Weihnachten in Brisbane

Nachdem ihr schon die genialen Bilder von Silvester anschauen konntet, schieben wir jetzt noch den Bericht von Weihnachten nach. Da waren wir naemlich noch 1000km noerdlich in Brisbane.
Da es bei uns doch noch ein wenig waermer war als in Deutschland, war es noch schwieriger richtige Weihnachtsgefuehle zu bekommen. Statt besinnlicher Vorweihnachtsfeierlichkeiten gab es ein Christmas-Festival mit Feuerwerk und Open - Air - Kino. An Heiligabend haben wir uns ein Eis gegoennt (ist hier sauteuer!)

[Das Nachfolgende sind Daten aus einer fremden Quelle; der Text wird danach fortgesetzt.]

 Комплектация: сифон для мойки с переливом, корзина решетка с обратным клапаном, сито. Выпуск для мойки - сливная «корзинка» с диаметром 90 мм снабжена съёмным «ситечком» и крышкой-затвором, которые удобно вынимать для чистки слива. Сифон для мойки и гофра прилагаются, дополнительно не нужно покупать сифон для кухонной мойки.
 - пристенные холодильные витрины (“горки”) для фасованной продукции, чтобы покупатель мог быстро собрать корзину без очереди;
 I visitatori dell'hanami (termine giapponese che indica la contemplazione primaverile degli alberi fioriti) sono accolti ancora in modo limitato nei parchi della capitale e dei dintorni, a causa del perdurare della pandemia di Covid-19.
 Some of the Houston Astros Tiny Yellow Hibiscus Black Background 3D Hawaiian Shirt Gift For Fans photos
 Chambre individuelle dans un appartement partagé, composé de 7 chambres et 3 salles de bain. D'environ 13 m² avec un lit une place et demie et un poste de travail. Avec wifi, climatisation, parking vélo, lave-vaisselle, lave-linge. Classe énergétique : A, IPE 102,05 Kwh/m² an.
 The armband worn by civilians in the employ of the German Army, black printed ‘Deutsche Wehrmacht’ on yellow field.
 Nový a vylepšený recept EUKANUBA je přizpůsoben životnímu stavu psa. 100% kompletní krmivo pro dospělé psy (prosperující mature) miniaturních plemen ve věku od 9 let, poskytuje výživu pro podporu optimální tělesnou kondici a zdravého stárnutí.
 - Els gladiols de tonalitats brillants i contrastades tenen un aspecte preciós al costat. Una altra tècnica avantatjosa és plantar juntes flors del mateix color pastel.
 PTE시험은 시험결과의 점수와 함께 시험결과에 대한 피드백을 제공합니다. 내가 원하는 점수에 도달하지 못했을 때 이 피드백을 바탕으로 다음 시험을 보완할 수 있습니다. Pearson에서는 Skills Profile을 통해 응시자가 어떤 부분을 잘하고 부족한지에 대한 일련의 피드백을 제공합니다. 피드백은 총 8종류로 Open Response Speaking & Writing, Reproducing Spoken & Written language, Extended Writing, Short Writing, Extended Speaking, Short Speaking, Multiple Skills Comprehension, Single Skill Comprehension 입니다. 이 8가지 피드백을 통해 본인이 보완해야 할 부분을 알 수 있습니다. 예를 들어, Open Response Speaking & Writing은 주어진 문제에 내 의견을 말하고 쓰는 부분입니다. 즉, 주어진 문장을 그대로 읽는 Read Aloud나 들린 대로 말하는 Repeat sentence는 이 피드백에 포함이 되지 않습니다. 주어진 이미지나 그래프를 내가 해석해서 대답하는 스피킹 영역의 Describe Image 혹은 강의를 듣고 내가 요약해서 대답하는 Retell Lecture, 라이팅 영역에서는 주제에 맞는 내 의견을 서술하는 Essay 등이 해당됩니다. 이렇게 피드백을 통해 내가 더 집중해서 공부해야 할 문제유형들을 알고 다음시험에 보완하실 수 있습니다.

und waren wir in einem sehr festlichen Gottesdienst in der anglikanischen Kirche und am 1. Weihnachtsfeiertag waren wir beim Christmas-Backpacker-Lunch in einem groesseren Hostel, wo traditionell englische Gerichte von einem Weihnachtsmann ausgeteilt wurden
und was eher eine Garten- bzw. Balkonparty war.

Ansonsten haben wir uns natuerlich Brisbane angeschaut, von der Skyline bei Nacht waren wir total begeistert, ausserdem haben wir uns in einer Aboriginal Art Gallery kuenstlerisch betaetigt - Lisa hat einen Boomerang bemalt, Svenja ihr eigenes Didigeridoo.